Figure 1.11. Incarcerated Cantor tube. (A) Supine film of the abdomen (A) showing a Cantor tube in the distal small bowel. Attempts at withdrawing the tube were unsuccessful, so the tube was cut loose and allowed to pass distally (B).

Percutaneous puncture of the balloon is a relatively safe and well-tolerated option. Use of a small-gauge needle allows safe passage through the small-bowel wall without undue risk of injury and leakage of intestinal contents even in the face of obstruction [34]. CT guidance helps to avoid the transgression of the colon or other organs, but some authors found fluoroscopy a better alternative [33] (Fig. 1.12). A more esoteric, but not readily available method of decompressing the balloon is that of placing the patient in a hyperbaric chamber [36]. This allows successful reduction in the size of the balloon and subsequent removal.

Even nonballoon catheters may be prone to similar problems. One case report involves a single-lumen mushroom catheter that had its nipple balloon to an obstructive degree [33]. In the manufacture of this device, a small amount of gauzelike material is introduced into the nipple to occupy the potential space between the leaves of latex. This potential space eventually acted like the latex balloons just discussed and becomes filled with intestinal gas. Percutaneous puncture successfully decompressed this catheter as well.

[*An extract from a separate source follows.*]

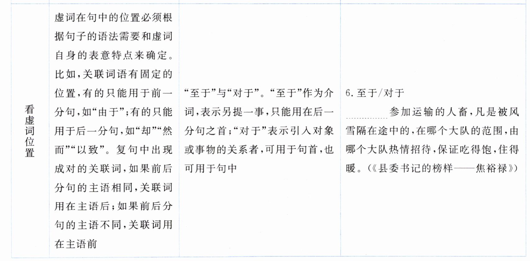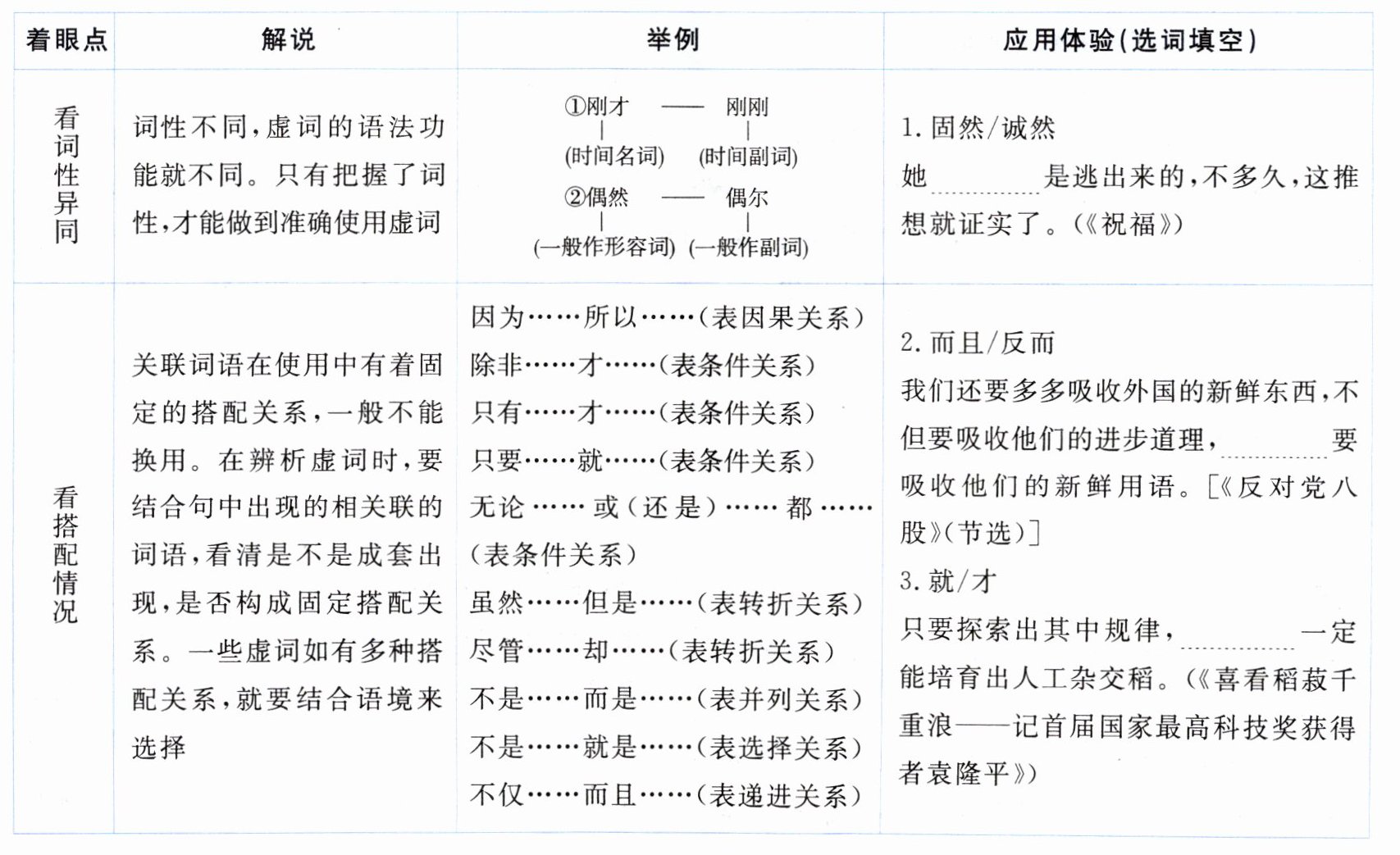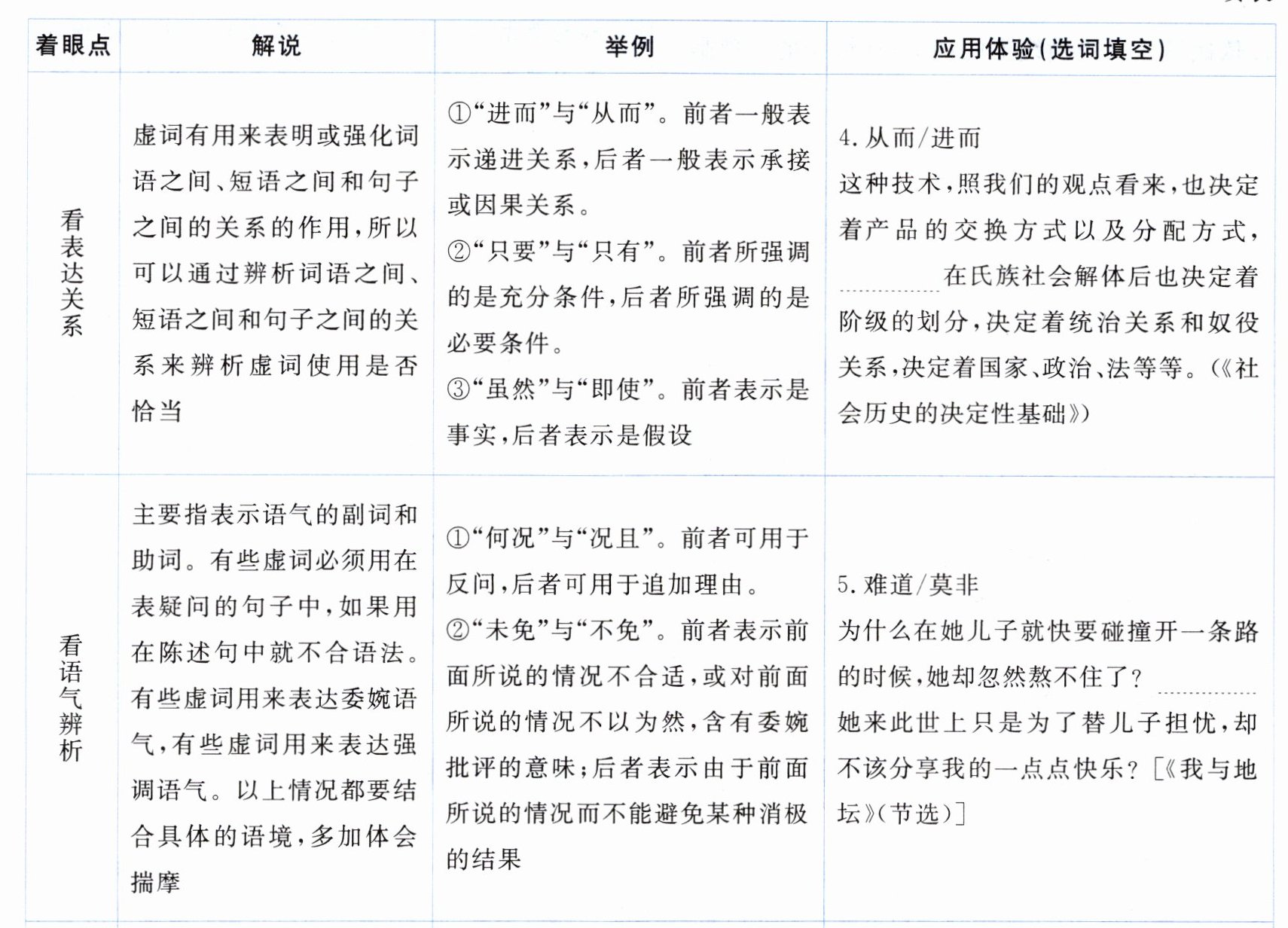 1答案诚然 解析“固然”,转折连词,表示承认某个事实,引起下文转折。 “诚然”除与“固然”有同样的语法功能外,还可作副词,表“实在” 之意。 2答案而且 解析“不但……而且……”表递进关系,强调说明。“不但…… 反而……”表对比转折关系。 3答案就 解析“只要……就……”表示充分条件关系;“只有…… 才……”表示必要条件关系。 4答案从而 解析“从而”后面是结果或进一步的行动,表示因果或承接关 系;“进而”表示递进关系,继续往前,在已有的基础上进一步。 5答案莫非 解析“难道”加强反问的语气;表示揣测的语气。“莫非”表示 揣测或反问,常跟“不成”呼应,语气不如“难道”强烈。 6答案对于 解析“至于”作为介词,表示另提一事,只能用在后一分句之 首;“对于”表示引入对象或事物的关系者,可用于句首,也可用 于句中。

Figure 1.12. Decompression of air-filled mercury bag of a Cantor tube. Spot film of the lower abdomen during a fluoroscopic attempt at decompressing the air-filled mercury bag of a Cantor tube. This was necessitated by a small-bowel obstruction caused by the dilated mercury bag.

Other complications secondary to the presence of long intestinal tubes have also been reported. Some of these are well known to clinicians and radiologists, while others are unusual (Fig. 1.13) and may warrant inclusion in the medical literature.

Overly vigorous attempts at advancing a soft nasoenteric tube may also cause buckling and loop formation of the tube. Eventually a knot may form. This presents a major problem when the tube has to be removed. Gentle retraction may allow uneventful removal [37], or an endoscopist may have to assist [38]. Another possible remedy is to insert another tube, perhaps a stiffer one, through the loop of the knot. This is similar to the angiographic approach to knotted catheters. Retracting over the stiffer tube may allow unknotting of the problematic tube.